**Exercise data**

====

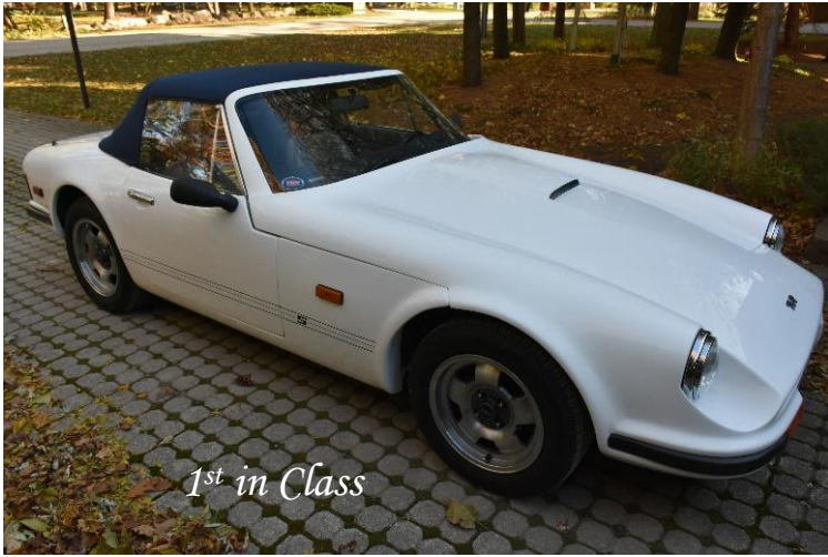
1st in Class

====

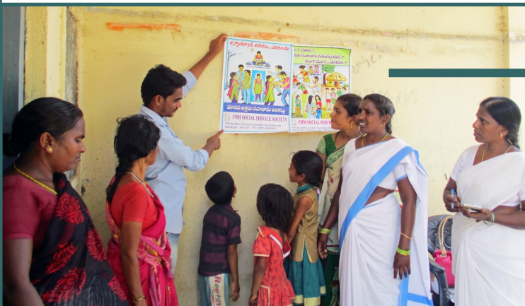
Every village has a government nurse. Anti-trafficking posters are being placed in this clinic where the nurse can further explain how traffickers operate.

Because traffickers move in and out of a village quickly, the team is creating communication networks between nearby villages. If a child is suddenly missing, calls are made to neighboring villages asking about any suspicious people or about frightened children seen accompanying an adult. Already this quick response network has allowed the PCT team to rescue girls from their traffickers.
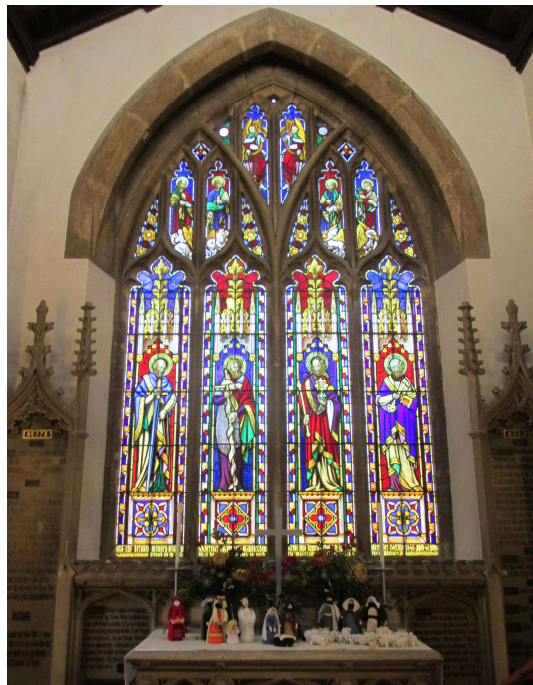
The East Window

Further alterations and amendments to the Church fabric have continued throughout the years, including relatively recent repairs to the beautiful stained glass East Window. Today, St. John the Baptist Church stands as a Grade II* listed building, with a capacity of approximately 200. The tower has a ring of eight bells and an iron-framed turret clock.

====

**Problem to solve**
Nothing except the lines from the one containing "Because traffickers move" through the one containing "Further alterations and" should appear in the answer, exactly as above and without pictures.

**Solution to this task**
Because traffickers move in and out of a village quickly, the team is creating communication networks between nearby villages. If a child is suddenly missing, calls are made to neighboring villages asking about any suspicious people or about frightened children seen accompanying an adult. Already this quick response network has allowed the PCT team to rescue girls from their traffickers.
The East Window

Further alterations and amendments to the Church fabric have continued throughout the years, including relatively recent repairs to the beautiful stained glass East Window. Today, St. John the Baptist Church stands as a Grade II* listed building, with a capacity of approximately 200. The tower has a ring of eight bells and an iron-framed turret clock.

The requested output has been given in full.